What Python really needs to be more useful as a "functional language" is a consistent way to define algebraic data types and to perform pattern matching.

This is the closest thing i found for that: https://github.com/lihaoyi/macropy

Forgive me if this is a silly question -- I'm an F# developer by trade, and I only know a bit of Python -- but why would you rather add a bunch of features common to strongly+statically-typed functional programming languages to Python instead of simply writing your code in a language which already has support for such features?

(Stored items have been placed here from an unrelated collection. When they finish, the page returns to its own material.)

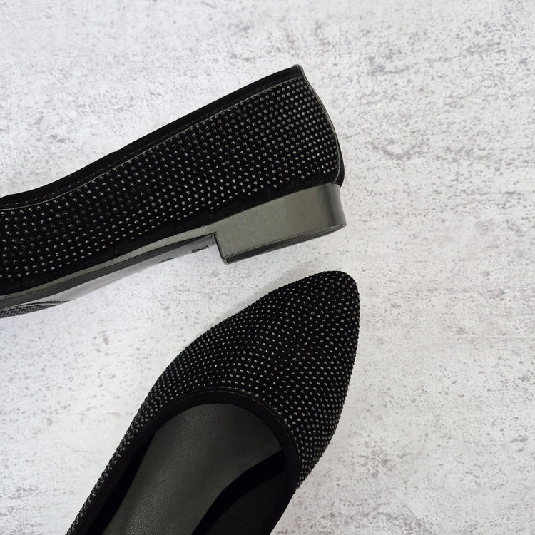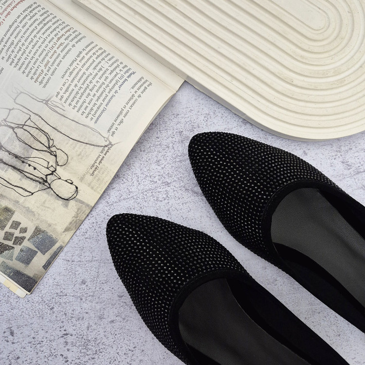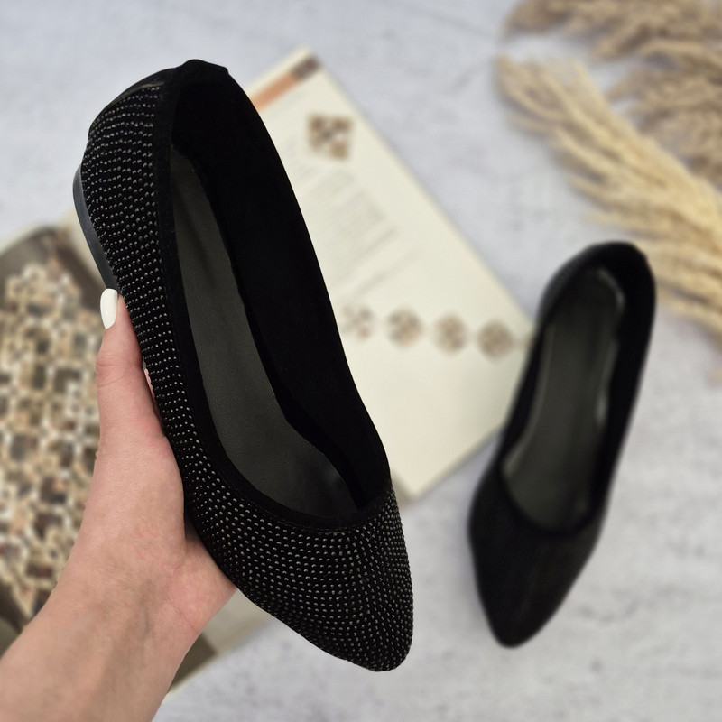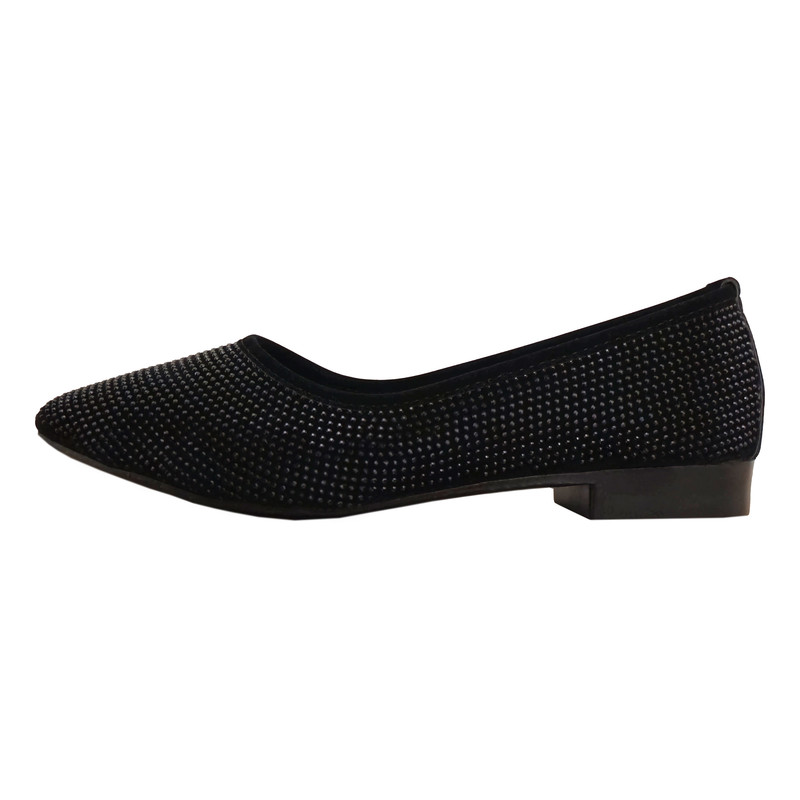 زنگ مشکی، سبک، جنس نرم، تزیین ریز نقش با نگین، دوخت ظریف و زیره مقاوم در برابر سایش. جهت انتخاب سایز مناسب، جدول سایز را بررسی فرمایید.
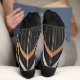 This abstract Art Deco design exudes luxury and sophistication with its sweeping metallic arcs in gold, copper, and grey against a deep black background. Symmetrical curves converge towards a central focal point, framed by sharp angular lines and vertical patterns, evoking glamour and retro elegance. Perfect for elevating home decor, office art, and stylish accessories with a timeless, opulent aesthetic.
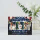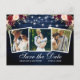 Rustic Blue Wood and String Lights 3 Photo Save The Date Engagement Announcement Card includes Watercolor Burgundy and Pink Blush Floral
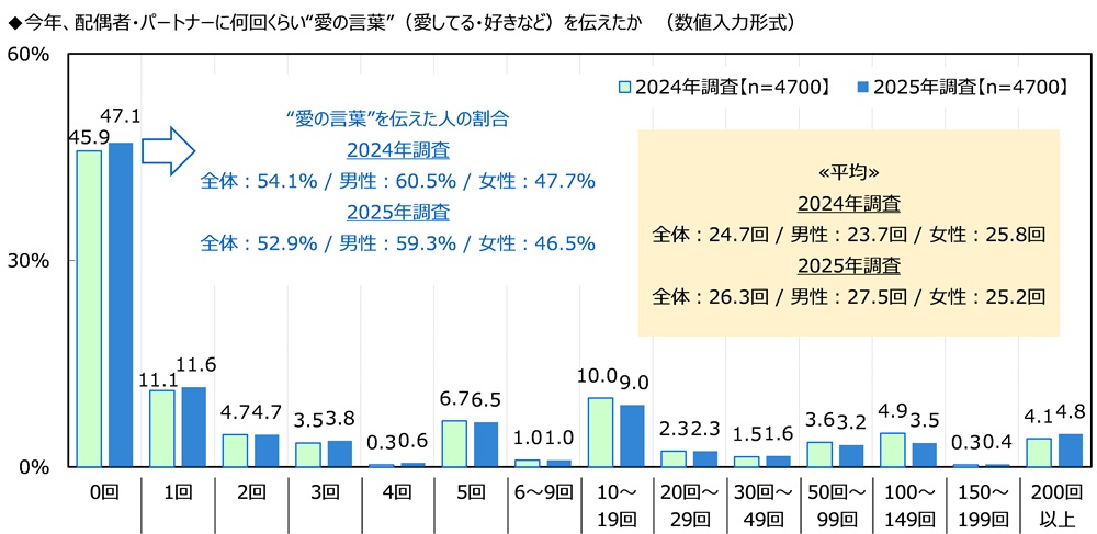 前回の調査結果と比較すると、“愛の言葉”を伝えた回数の平均は2024年24.7回→2025年26.3回と1.6回多くなりました。一方で、“愛の言葉”を伝えた人の割合は2024年54.1%→2025年52.9%と下降しました。
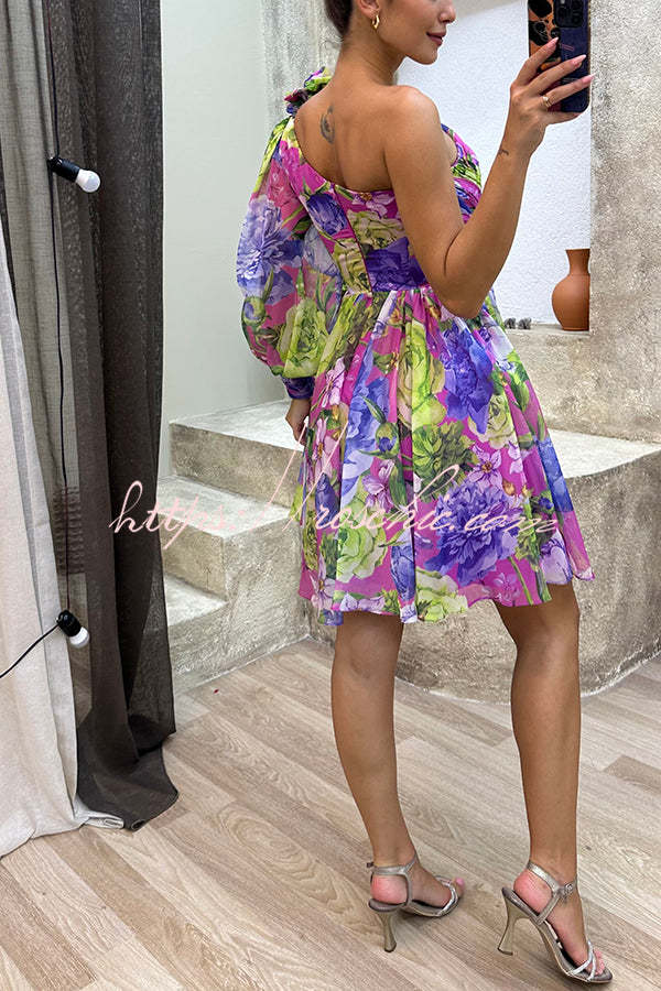 Vivid Visions Floral Print Pleated One Shoulder Sleeve Swing Mini Dress
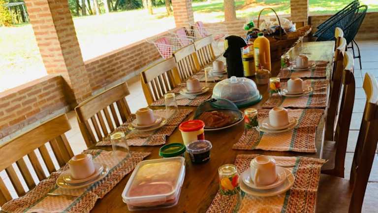 Verbringen Sie Ihren Urlaub im Sitio SMC - 15 min do centro de Altinópolis in Altinópolis und genießen Sie die Annehmlichkeiten wie den Außenpool, den Garten und die Bar. Das Ferienhaus bietet ausreichend Platz mit 4 separaten Schlafzimmern und 3 Bädern. Beginnen Sie Ihren Tag mit einem leckeren amerikanischen Frühstück. Die Umgebung bietet zudem zahlreiche Freizeitaktivitäten wie Wandern, Angeln und Billard.

For example, you could write code you want to use GADTs and pattern-matching for in Haskell, then create a Python wrapper for scripting purposes. I understand that having your solution written in two languages generally requires more effort to keep things working, and it's more difficult to find qualified developers to hire. To me, it just seems like it would make more sense to use each language's strengths where you need them instead of trying to graft all the features you could ever want into a single language (which, IMO, is basically what C++ does, to it's detriment).

My main reason is that I don't write Scala or Haskell professionally. However, I do maintain Python at work. So, while dropping Python and switching to a functional language is not an option, importing a simple library is.

Programming "functionally" in python was one of the best changes I made to my coding practices (it certainly makes dealing with multiprocessing a lot easier!).

> F# developer by trade

I thought F# was quite a niche language and there weren't any "F# developers", just .NET/C# that also know some F#. How did you end up on this career path?

About grafting features onto Python: most Python guys come from the Linux land and have quite a problem with using a .NET/Mono language, and Haskell is/seems too intimidating and complex. Most also seem to dislike/fear the JVM. So there's only OCaml left and this is even more of a "niche language" than F#. Only viable option is extending Python, unfortunately Python is such a pain in the ass to properly extend so people just make libraries to "ease the pain".

That was true some years back before F# was released as a "first-class" language (F# 2.0 in VS2010), and the F# community is still (and probably always will be) dwarfed by the sheer number of C# programmers in the world. On the upside, the F# community has grown quite a lot in the last year; there's even an official F# Foundation now: http://fsharp.org

I ended up working with F# through my previous job; I founded a startup whose product as a .NET -> GPU JIT compiler. The idea was similar to what Xamarin is doing now with their C# (and now F#!) tools for building iOS and Android apps, in that we aimed to make GPU programming accessible to the everyday programmer.

I wrote the first version of our product in C#; it was around 30KLoC, still missing quite a lot of functionality, and buggier than I was really happy with. I'd heard that F# was based on ML, and that ML was designed for work like building compilers and theorem provers, so I decided to take the plunge and learn it. It was a little difficult to wrap my head around at first, but I stuck to it, and I ported+simplified our original C# codebase to F# within a couple of months, ending up with ~5KLoC and a new version of our product which was much faster, had fewer bugs, and overall easier to maintain than before. It sounds a little cheesy, but making the jump to F# and putting in the effort to learn it really well was one of the best career decisions I've ever made, and I haven't regretted it for a second. It's made me a much stronger developer overall.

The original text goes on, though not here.